Following that investigation, co-owner Etienne Uzac and Marion Kim, the company’s finance director, resigned, Newsweek reported Thursday.
Here’s more from BuzzFeed. Story by Craig Silverman.
IBTimes.com, the publisher’s US business site, last year won a significant portion of a large video and display advertising campaign for the Consumer Financial Protection Bureau, a federal agency. Social Puncher, a consulting firm that investigates online ad fraud, alleges in its report that the ads were displayed to an audience on IBTimes.com that includes a significant amount of “cheap junk traffic with a share of bots.”
A Consumer Financial Protection Bureau spokesperson told BuzzFeed News the bureau is looking into the allegations raised in Social Puncher’s report.
“We take allegations of fraud very seriously. Acting Director Mulvaney is actively looking into the work done by GMMB, and these allegations (of ad fraud by IBTimes.com) will be investigated as part of that process,” the spokesperson said.
In a statement to BuzzFeed News, GMMB acknowledged that IBTimes.com was part of the media buy, but disputed the report’s estimate of the money spent.
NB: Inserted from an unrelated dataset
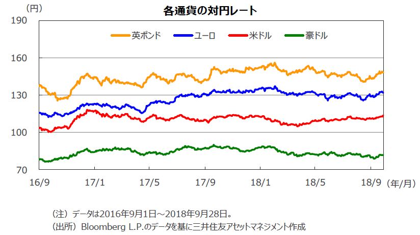 9月は、円が米ドル、ユーロ、豪ドルといった主要通貨に対して下落しました。世界的な株高を背景にリスク選好が強まったことや、欧米の債券利回りが上昇したこと、トルコ中銀が政策金利を大幅に引き上げたことを契機に新興国市場全般への懸念が後退したこと等によるものです。
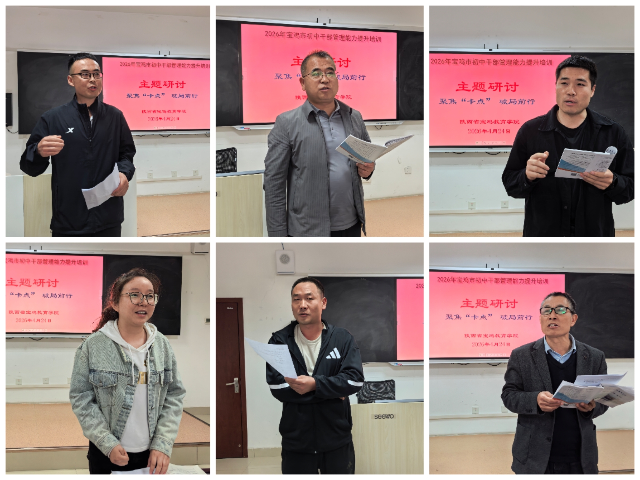 为深入贯彻落实新时代基础教育改革要求,进一步提升初中学校管理干部的专业素养与履职能力,落实立德树人根本任务,4月19日至24日,由宝鸡市教育局主办、宝鸡教育学院承办的“2026年宝鸡市初中干部管理能力提升培训”顺利举行。来自全市各县区的初中校级领导及中层管理干部共49人参加培训,圆满完成集中研修任务。

“While we don’t provide specific details about our client work, many of the assertions in the report—including all of the numbers reported for the ad buy—are inaccurate,” the statement said.
A source familiar with the campaign said that sites were selected based on data obtained from a third party audience measurement and media planning platform.
When it comes to IBT’s fraudulent traffic practices, Social Puncher’s findings align with reporting from BuzzFeed News on IBT India, and with separate data gathered by Pixalate, an ad fraud detection company, and DoubleVerify, a digital media measurement company. (Social Puncher and BuzzFeed News previously collaborated on ad fraud investigations, but worked separately in this case.)